The development of the GERD-HRQL symptom severity instrument.

作者信息

Velanovich V

机构信息

Division of General Surgery, Henry Ford Hospital, Detroit, Michigan 48202-2689, USA.

出版信息

Dis Esophagus. 2007;20(2):130-4. doi: 10.1111/j.1442-2050.2007.00658.x.

Abstract

The Gastroesophageal Reflux Disease-Health Related Quality of Life (GERD-HRQL) instrument was introduced approximately 10 years ago to provide a quantitative method of measuring symptom severity in gastroesophageal reflux disease (GERD). Since that time the instrument has been used to assess treatment response to medication, endoscopic procedures, and surgery for GERD. However, the development of the instrument has progressed over the course of several years, and there is no one source which reviews this progress.

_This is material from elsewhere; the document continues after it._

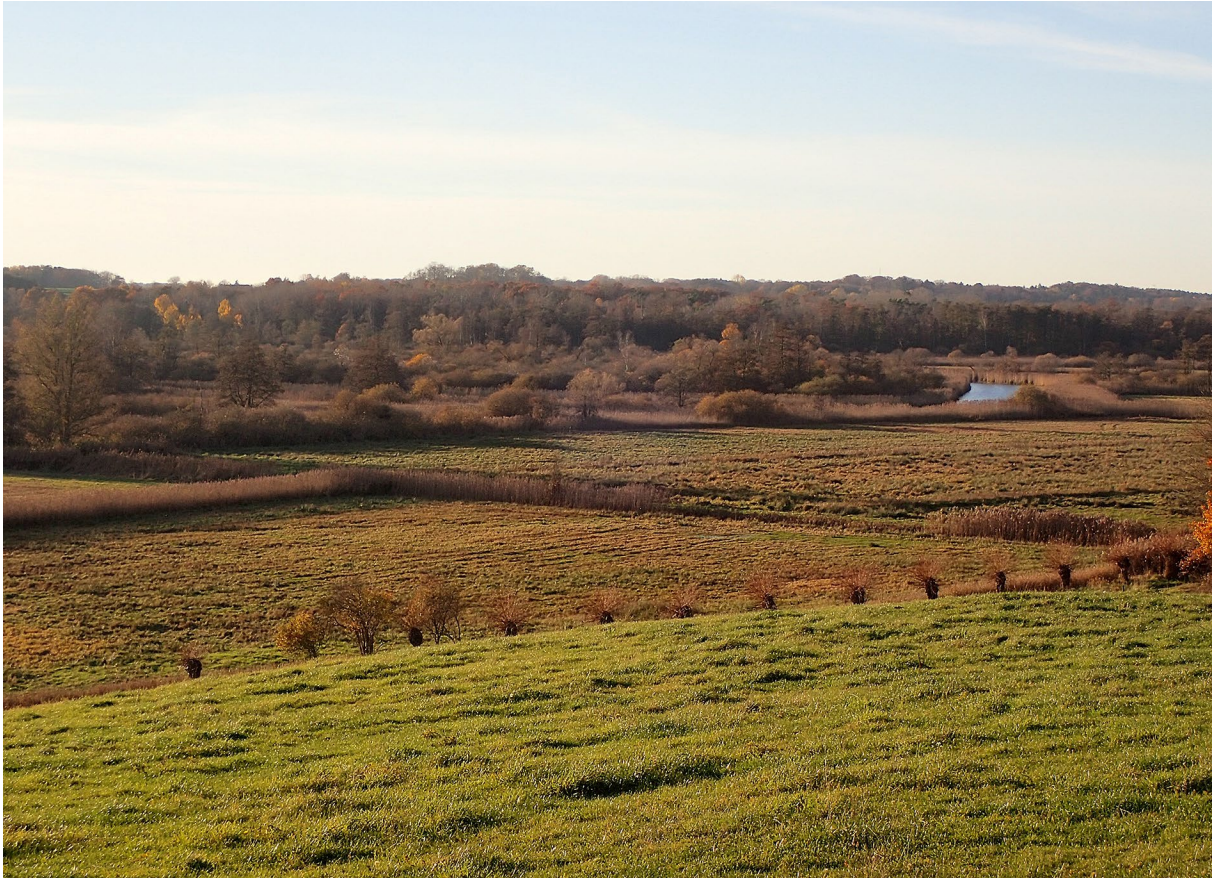
Abb. 2: Recknitztal bei Pantlitz.

der Flusstäler dominieren auf den reicheren Standorten Erlen-Eschenwälder, während die ärmeren Bereiche mit Birken-Moorwäldern bestockt sind. Auf den überwiegend reichen Mineralbodenstandorten der Talhänge wachsen Buchen, Eichen, Edellaubhölzer sowie Kiefern und Fichten (Abb. 4). In den Bachtälern einiger Recknitzzuflüsse (Maibach, Reppeliner Bach, Stegendielsbach, Tribohmer Bach) haben sich auf dauerfeuchtem bzw. quelligem Untergrund zum Teil recht naturnahe Erlen- und Erlen-Eschenwälder erhalten (Abb. 5).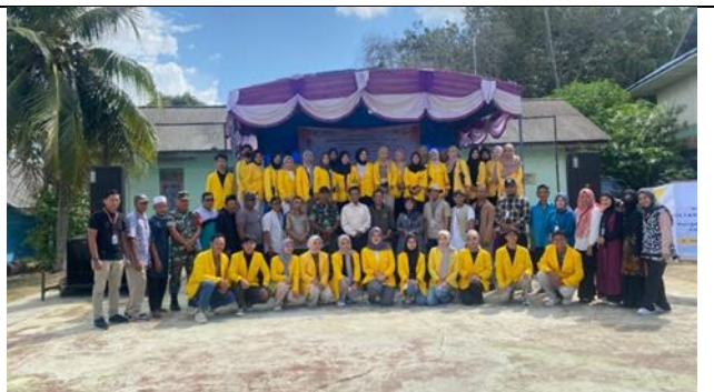
Gambar 2 Acara pembukaan pengabdian kepada masyarakat di lapangan Kantor Desa Penarah

Bagi pemerintah desa penarah akan membantu pemerintah dalam mensejahterakan Masyarakat baik untuk penghasilan harian ataupun kebutuhan sehari-hari. Bagi Masyarakat akan mendapatkan pengetahuan dan pemahaman tentang regulasi kebijakan pada ketahanan pangan terutama potensi lokal yang di Desa Penarah yaitu Karbohidrat Sagu dan lainnya untuk kehidupan sehari-hari. Sedangkan dampak positif yang diharapkan dari pelaksanaan program pengabdian kepada Masyarakat, antara lain: Memasyarakatkan dan mensosialisasikan keunggulan dan sumber daya alam dan sumber daya manusia daerahnya. Meningkatnya kesadaran Masyarakat akan pentingnya pemanfaatan potensi lokal yaitu dari pertanian, ikan dan karbohidrat agar tidak terjadinya stunting pada Balita, karena stunting yang sedang booming pada saat ini. Sebagai bukti dari respon baik tersebut, warga sekitar pun bergerak untuk memberikan materi dalam bentuk makanan dan konsumsi lainnya.

The purpose of this article is to summarize the development and testing of the GERD-HRQL. The GERD-HRQL was initially developed to measure the typical symptoms of GERD. It was initially determined to have face validity and subsequent studies assessed its content validity, criterion validity, concurrent validity, predictive validity and construct validity. Reliability was determined by the test-retest method. Responsiveness was determined by the effects of treatment. This instrument is practical, with little administrative burden. There are few missing responses. Because there are 51 possible scores, the instrument has a high level of precision; and because of the response anchors, cannot have a floor effect, and only 4/372 patients reached the highest score of 50, implying little ceiling effect. The instrument has been translated into several languages, and appears valid, reliable and practical in each.

摘要

胃食管反流病健康相关生活质量(GERD - HRQL)量表大约在10年前被引入,用于提供一种测量胃食管反流病(GERD)症状严重程度的定量方法。从那时起,该量表就被用于评估GERD药物治疗、内镜手术及外科手术的疗效。然而,该量表的开发历经数年,目前尚无一个资料来源对其进展进行综述。本文旨在总结GERD - HRQL量表的开发与测试情况。GERD - HRQL量表最初旨在测量GERD的典型症状。最初确定其具有表面效度,随后的研究评估了其内容效度、标准效度、同时效度、预测效度和结构效度。信度通过重测法确定。反应度通过治疗效果来确定。该量表实用性强,管理负担小。缺失的回答很少。由于有51种可能的得分,该量表具有较高的精度;并且由于有反应锚定,不会出现地板效应,且在372例患者中只有4例达到最高分50分,这意味着天花板效应也很小。该量表已被翻译成多种语言,并且在每种语言中都表现出有效性、可靠性和实用性。